This question should be answered using the Carseats data set.
A)Fit a multiple regression model to predict Sales using Price, Urban, and US.
library("ISLR")
?Carseats
## starting httpd help server ... done
head(Carseats)
## Sales CompPrice Income Advertising Population Price ShelveLoc Age Education
## 1 9.50 138 73 11 276 120 Bad 42 17
## 2 11.22 111 48 16 260 83 Good 65 10
## 3 10.06 113 35 10 269 80 Medium 59 12
## 4 7.40 117 100 4 466 97 Medium 55 14
## 5 4.15 141 64 3 340 128 Bad 38 13
## 6 10.81 124 113 13 501 72 Bad 78 16
## Urban US
## 1 Yes Yes
## 2 Yes Yes
## 3 Yes Yes
## 4 Yes Yes
## 5 Yes No
## 6 No Yes
str(Carseats)
## 'data.frame': 400 obs. of 11 variables:
## $ Sales : num 9.5 11.22 10.06 7.4 4.15 ...

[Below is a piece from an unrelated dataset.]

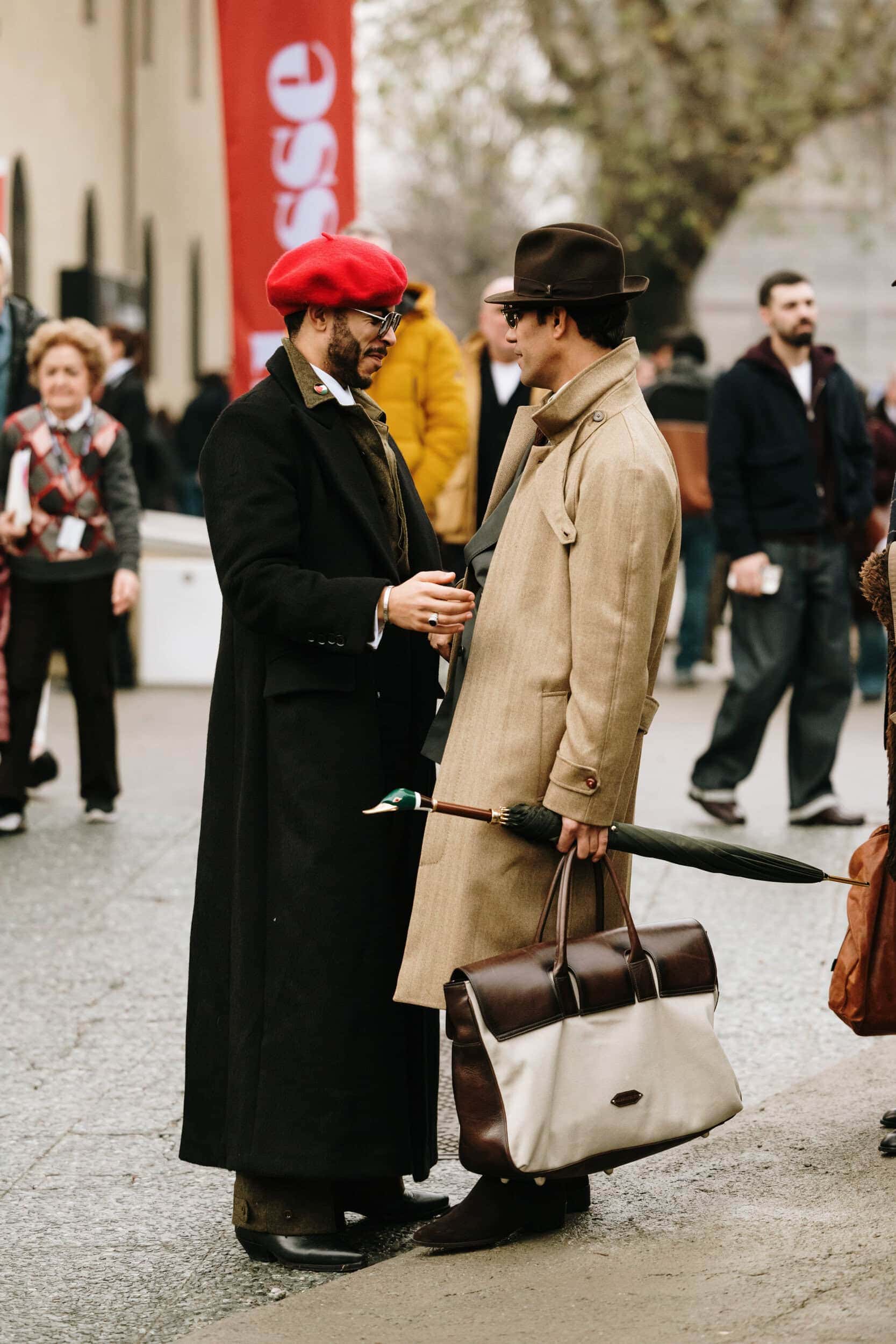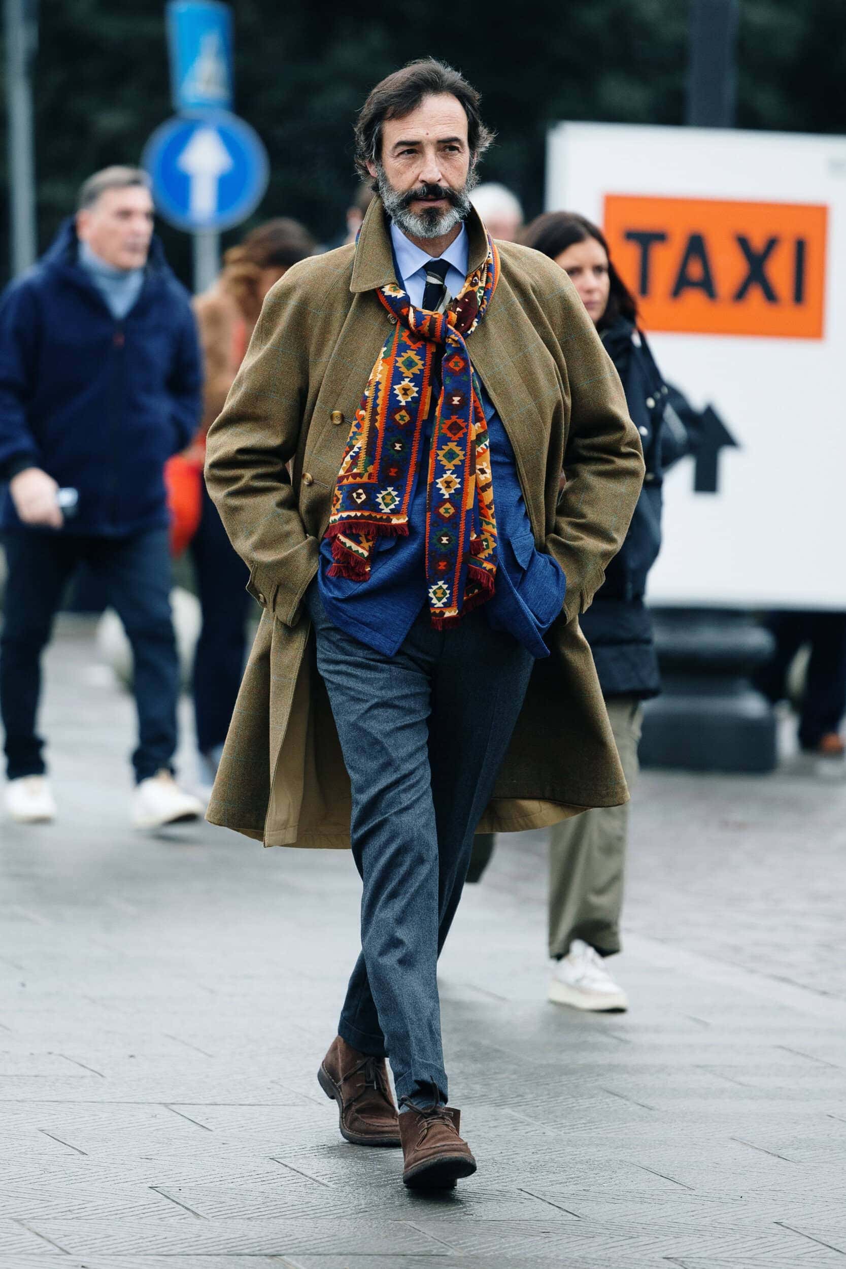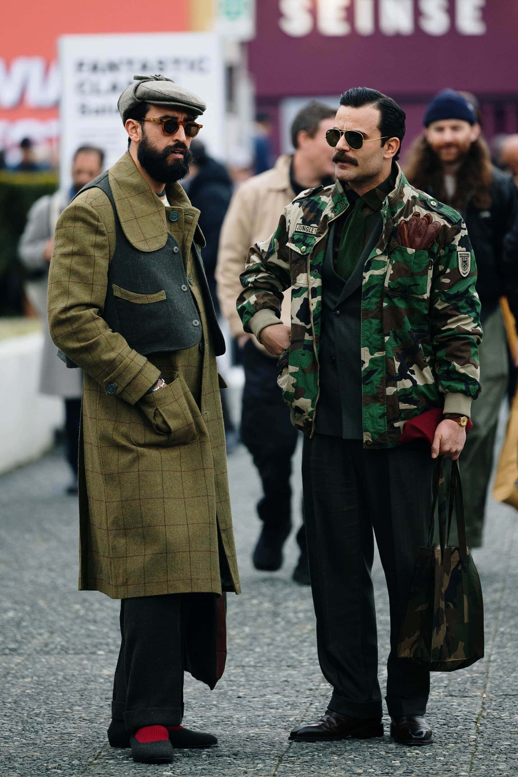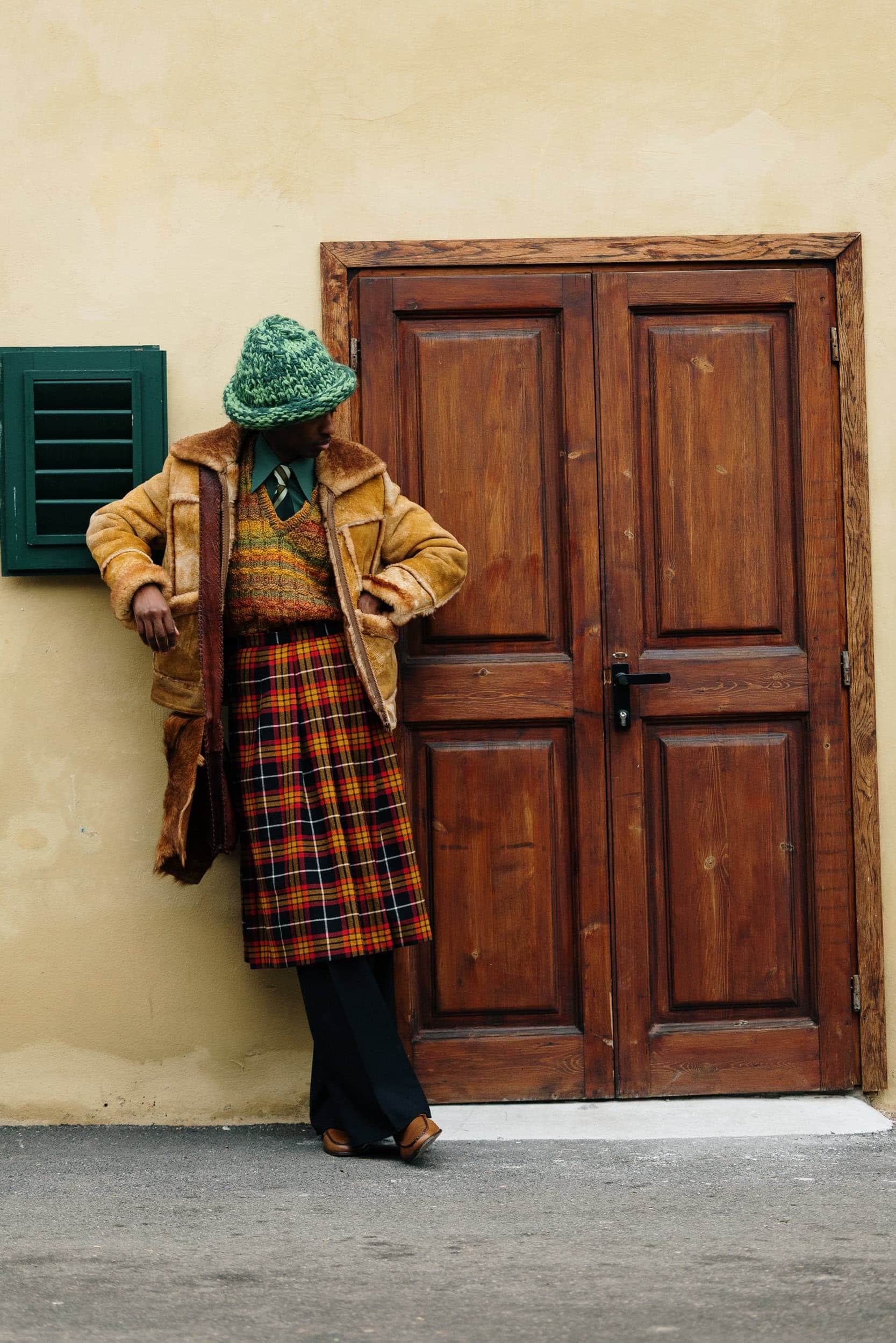 Men’s Fall 2026 Fashion Week street style felt like a modern frontier, blending rugged influence with refined restraint. Western cues surfaced in fur-trimmed coats, worn leathers, and cowboy boots, while militant elements—military greens, utility jumpsuits, and structured layers—added edge. Suits and classic workwear softened through fluid tailoring and feminine nuance, balanced by thoughtful details like stacked rings and charm-adorned bags. The result was a sharply curated streetscape where strength met sensitivity, and menswear felt both expressive and intentional.

## $ CompPrice : num 138 111 113 117 141 124 115 136 132 132 ...
## $ Income : num 73 48 35 100 64 113 105 81 110 113 ...
## $ Advertising: num 11 16 10 4 3 13 0 15 0 0 ...
## $ Population : num 276 260 269 466 340 501 45 425 108 131 ...
## $ Price : num 120 83 80 97 128 72 108 120 124 124 ...
## $ ShelveLoc : Factor w/ 3 levels "Bad","Good","Medium": 1 2 3 3 1 1 3 2 3 3 ...
## $ Age : num 42 65 59 55 38 78 71 67 76 76 ...
## $ Education : num 17 10 12 14 13 16 15 10 10 17 ...
## $ Urban : Factor w/ 2 levels "No","Yes": 2 2 2 2 2 1 2 2 1 1 ...
## $ US : Factor w/ 2 levels "No","Yes": 2 2 2 2 1 2 1 2 1 2 ...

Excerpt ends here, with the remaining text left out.